Typing it all takes time :p

okay so which part do you need help in?

a and b starting parts are pretty easy .. just use the s=d/t formula .. A to J Taj = 10/x
J to P speed is x+0.5 so Tjp = 15/(x+0.5)

c now this part was the thing ..

7 seconds time taken to reach from A to P. in which J took 2 seconds (to catch and throw).
so total time taken in traveling will be 7-2=5.

now.

(10/x)+(15/(x+0.5)=5 (as that's the time it took in travelling)

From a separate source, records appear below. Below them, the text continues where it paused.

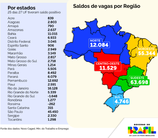 O Brasil abriu 147.358 novos empregos formais, resultado de 2.239.895 admissões contra 2.092.537 desligamentos. O saldo foi positivo em 25 das 27 Unidades da Federação.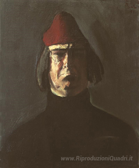 Ti offriamo una riproduzione artigianale su tela dell'opera famosa 'Autoritratto con Red Fez' di Corneliu Baba, dal Museo delle Riproduzioni.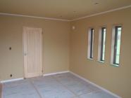 ・木工事、棟梁濱井さんが腕を揮いまとめて頂き完了となり ました。内装工事へと進めていきます。外部工事、外壁コーキング 残りを打ち終え、軒天塗装、板金・樋工事を行っています。 来週、換気扇フード類外部器具、TVアンテナ取付を行い、 外部足場解体となります。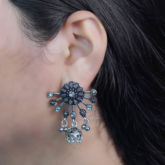 floral charm traditional jhumka earrings (Sky Blue)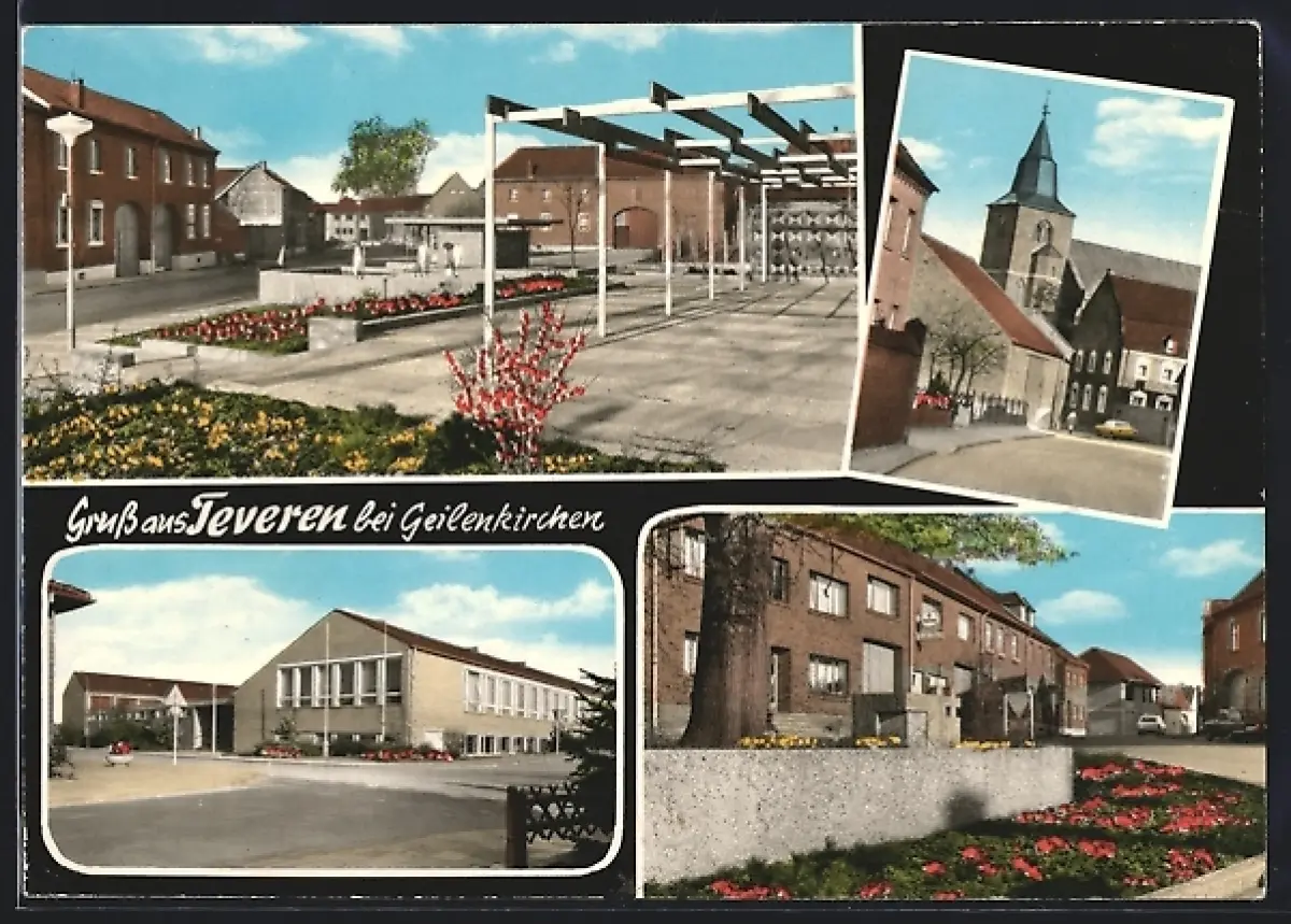 AK Teveren /Geilenkirchen, Ortspartie mit Kirche, Denkmal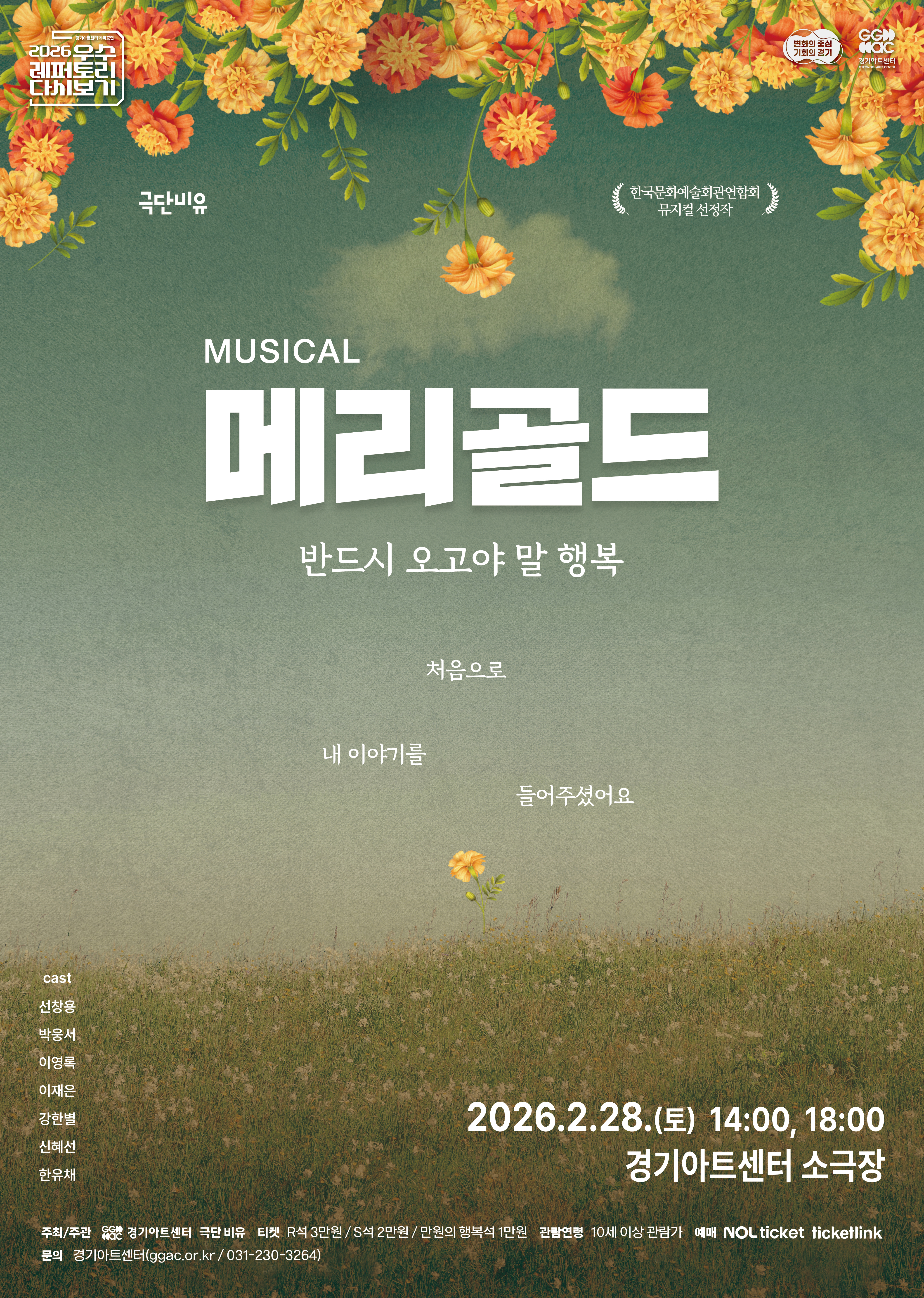 °æ±â¾ÆÆ®¼¾ÅÍ(»çÀå ±è»óȸ)´Â °ø¿¬Àå Ȱ¼ºÈ¸¦ À§ÇÑ ¡®¿ì¼ö ·¹ÆÛÅ丮 ´Ù½Ãº¸±â¡¯ ÇÁ·Î±×·¥ÀÇ ÀÏȯÀ¸·Î, ¹ÂÁöÄà <¸Þ¸®°ñµå>¸¦ ¿À´Â 2¿ù 28ÀÏ(Åä) ¿ÀÈÄ 2½Ã¿Í 6½Ã, °æ±â¾ÆÆ®¼¾ÅÍ ¼Ò±ØÀå¿¡¼ ¼±º¸ÀδÙ.

guess you can solve the above equation^ .. it will become 5x^2-22.5x+5=0

divide it by 2.5 to get the equation given in the question.

(5x^2-22.5x+5)/2.5=0/2.5

2x^2-9x+2=0 Your Answer.

d Next part is pretty easy .. just use the quadratic formula .. but show all parts working .. as its 4 marks! i did it in 3 lines though .. lol answers are x=4.71 and -0.2 .. reject -0.2 as speed cannot be in negative.!

e i Avg speed as ball travels from J to P. the equation was x+0.5 .. 4.71+0.5=5.21

e ii Time took for AJ = 10/4.71 = 2.12
Time took for JP = 15/5.21=2.88

Time Difference =2.88-2.12=0.76 Answer.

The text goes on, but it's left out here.